April 15, 2019 · Louisiana Supreme Court · No. 2018-C-1644; No. 2018-C-1654
267 So. 3d 581

IN RE: COOPERATIVE ENDEAVOR AGREEMENT BETWEEN 42ND JUDICIAL DISTRICT DISTRICT ATTORNEY'S OFFICE AND 42ND JUDICIAL DISTRICT PUBLIC DEFENDER'S OFFICE

No. 2018-C-1644
No. 2018-C-1654

Supreme Court of Louisiana.

April 15, 2019

ON WRIT OF CERTIORARI TO THE COURT OF APPEAL, SECOND CIRCUIT, PARISH OF DESOTO

PER CURIAM

In these consolidated applications, the District Attorney's Office for the 42nd Judicial District and the Public Defender's Office for the 42nd Judicial District (collectively referred to hereinafter as "relators") seek review of a judgment of the court of appeal affirming a judgment of the district court which declared a cooperative endeavor agreement between relators to be unconstitutional.

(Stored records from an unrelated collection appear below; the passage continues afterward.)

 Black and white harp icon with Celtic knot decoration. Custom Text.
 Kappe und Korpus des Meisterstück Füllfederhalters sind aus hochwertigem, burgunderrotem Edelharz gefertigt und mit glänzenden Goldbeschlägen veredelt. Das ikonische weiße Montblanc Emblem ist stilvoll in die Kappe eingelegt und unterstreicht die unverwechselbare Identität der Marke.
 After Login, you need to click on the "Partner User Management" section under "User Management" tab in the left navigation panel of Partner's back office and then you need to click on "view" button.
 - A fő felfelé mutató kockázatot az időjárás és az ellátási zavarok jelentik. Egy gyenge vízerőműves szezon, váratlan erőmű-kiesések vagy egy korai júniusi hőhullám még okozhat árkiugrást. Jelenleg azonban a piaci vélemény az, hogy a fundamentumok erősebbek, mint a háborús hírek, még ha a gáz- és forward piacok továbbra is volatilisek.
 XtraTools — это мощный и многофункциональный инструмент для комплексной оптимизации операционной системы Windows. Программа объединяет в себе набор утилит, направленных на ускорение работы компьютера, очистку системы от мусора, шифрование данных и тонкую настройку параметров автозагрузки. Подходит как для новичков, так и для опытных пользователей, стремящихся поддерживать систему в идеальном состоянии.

Pretermitting the merits, we find the district court erred in rendering a judgment in this matter because there was no justiciable controversy before the court.

*583We have defined a justiciable controversy as "an existing actual and substantial dispute, as distinguished from one that is merely hypothetical or abstract, and a dispute which involves the legal relations of the parties who have real adverse interests, and upon which the judgment of the court may effectively operate through a decree of conclusive character." Abbott v. Parker , 259 La. 279, 249 So.2d 908, 918-19 (1971). A justiciable controversy must "be a real and substantial controversy admitting of specific relief through a decree of a conclusive character, as distinguished from an opinion advising what the law would be upon a hypothetical state of facts." St.Charles Parish School Board. v. GAF Corp. , 512 So.2d 1165, 1171 (La. 1987) (on rehearing). In order to avoid deciding abstract, hypothetical or moot questions, courts require that cases submitted for adjudication be justiciable, ripe for decision, and not brought prematurely. Id.

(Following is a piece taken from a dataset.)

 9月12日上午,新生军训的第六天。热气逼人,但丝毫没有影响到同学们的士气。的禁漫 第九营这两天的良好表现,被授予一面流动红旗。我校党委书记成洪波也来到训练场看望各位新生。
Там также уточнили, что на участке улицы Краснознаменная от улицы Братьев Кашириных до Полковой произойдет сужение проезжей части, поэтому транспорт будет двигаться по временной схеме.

In the instant matter, relators did not file any action for declaratory relief to determine the validity or constitutionality of the agreement. There was no criminal proceeding before the court and no criminal defendant raised any Sixth Amendment issues arising from the agreement. Rather, the district court, acting sua sponte , ordered the parties into court, created a proceeding on the docket, and issued an order that the clerk create a record. In the absence of any actual or substantial dispute between real parties, we find there was no justiciable controversy presented to the court.

Moreover, our well-settled jurisprudence, dating back over a century, makes it clear that a district court lacks standing to invoke constitutional concerns on its own initiative. See State ex rel. Hall v. Judge of the Tenth Judicial District , 33 La. Ann. 1222, 1881 WL 8805, at *1 (1881). As we explained in Greater New Orleans Expressway Comm'n v. Olivier , 2004-2147 (La. 1/19/05), 892 So.2d 570, 575-76, "it was better left to criminal defendants actually charged with violating a statute, and not to judges in a criminal cases, to raise the issue of a statute's constitutionality."

Accordingly, without expressing any opinion on the merits, we find that the district court erred in passing on the constitutionality and validity of relators' agreement in the absence of a justiciable controversy. Therefore, we must vacate and set aside the judgments of the lower courts in their entirety.

DECREE

For the reasons assigned, the writs are granted. The judgment of the court of appeal affirming the judgment of the district court is vacated and set aside.